PSI has recently released some closed end kits so I decided to try the Majestic Jr. . I modified the hardware for the small top cap to allow a reduced size (height) and I managed to get the whole pen out of a single 6 1/4" blank.

The blank is Olivewood. . The overall length is 6.09" so not much wood was wasted.

As shown, the pen needs a final finish. . It has been assembled in such a way that it can be taken apart for this purpose, although I rather like the raw sanded wood as is. .  I am still deciding whether I like the shape and length.

I might reduce the length of the lower barrel at the tapered end.  And I might reduce the top cap height a little bit more above the clip ring.

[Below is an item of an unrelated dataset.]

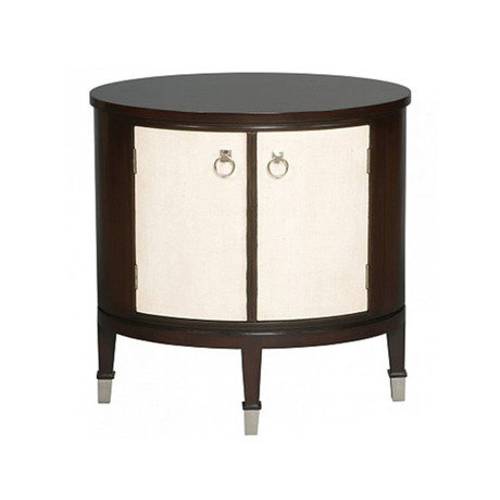 Стильный приставной столик округлой формы с открывающимися дверцами, внутри которых вы можете с комфортом разместить подручные и другие предметы. Модель выполнена из дерева в нескольких цветовых отделках с декоративной металлической фурнитурой.

I didn't follow the instructions to the letter, and I didn't use the Big Grabber that they recommend; I bought one but am now wondering why !! 
I did all the turning between centers without bushings.

I miss the decorative Majestic style upper barrel top end !!


----------



## SteveG (Mar 3, 2016)

I like the overall look of the pen. As a general observation, I think that closed end pens tend to look too long in the barrel end, and agree with going a bit shorter. (Don't get carried away in that effort...you know what can happen! ) Let us see it once you do any mods and finish. If you choose to do no finish, you may change your mind soon. That nice olive oil content in the wood will soon be collecting "dirt".


----------



## mark james (Mar 3, 2016)

WOW, I like that!

My only tweak would be to slightly (VERY slightly - blunt the top point - slightly!).

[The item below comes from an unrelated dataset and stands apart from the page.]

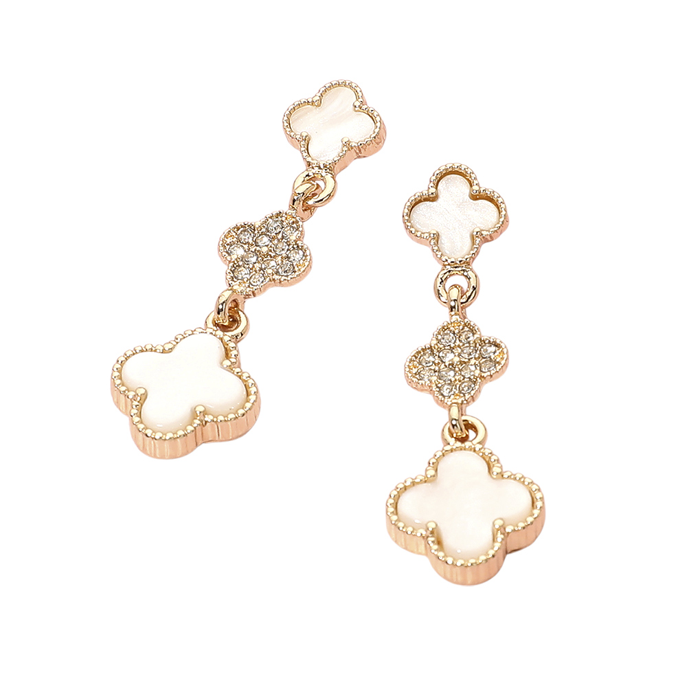 • Elegant drop earrings designed with linked quatrefoil motifs for a graceful, eye-catching silhouette. This refined style adds movement and shine, making it ideal for everyday wear or special occasions. A versatile accessory that pairs beautifully with modern outfits, classic looks, and curated jewelry collections for boutiques and gifting displays.

As opposed to Steve, I like the length.  And I see no need to shorten the top cap.

I also prefer not to use CA finishes, and if this pen suddenly appeared on my lathe, I would use a Danish Oil finish, or possibly if a brighter finish was desired - wipe on polyurethane over 1-2 days.

Beautiful!!!


----------



## Ed McDonnell (Mar 3, 2016)

Stylistically, the length of the lower barrel is a personal choice.  Personally, I would prefer a little shorter, but that's just me.

Practically, since you put a clip on the pen, the length of the lower barrel and the placement of the clip will make a big difference in how the pen will sit in a shirt pocket.  I loved the porportions on some of my early closed end pens, but they were too "tall" for shirt pockets.  I tend to go shorter (or move the clip down) these days if I put a clip on the pen.  It's hard to tell from a picture, but your pen looks to me like it might be a tad tall to comfortably clip in a pocket.  But maybe not.  My eyes may be deceiving me.

In any case, great first effort on a closed end.

Ed


----------



## budnder (Mar 3, 2016)

I like the cap height... nice pen.


----------



## BSea (Mar 3, 2016)

That's a great looking pen.  I may have to give that a try. :good:


----------



## DaveT (Mar 4, 2016)

Nice job! I think it looks great.

Just a note on short lower barrels. If you cannot post the cap and the lower barrel is too short, people with larger hands will find the pen uncomfortable to use.


----------



## jjjaworski (Mar 4, 2016)

Very nice. A great result for a first effort.
I like it.


----------



## magpens (Mar 4, 2016)

Thanks for all the postive reinforcement; I appreciate critique as well.

I've been making pens for about 6 years. . I have made 2 kitless and now this one closed end. . But this latest one is really a kit pen, after all :biggrin: . . I just wanted to try out PSI's closed end kits.  Fun to do, but nothing I couldn't have figured out from scratch. . One thing is that you have to read their instructions with a critical mind ... and do some adapting/modifying.

I am happy to be getting into the kitless realm ... it really is a lot of fun ... even moreso than making kit pens. . I like figuring things out for myself and recalling my algebra and trigonometry ..


----------



## 76winger (Mar 4, 2016)

That looks wonderful, and I'm sure it's much lighter than the full-component version!


----------



## magpens (Mar 4, 2016)

Thanks, Dave. . Yes, it is lighter, but, as I said in my OP, I miss the blingy top !!


----------



## Mack C. (Mar 5, 2016)

It would be amazing as a fountain pen!


----------



## vakmere (Mar 5, 2016)

Being different works here. Nice work and effort.


----------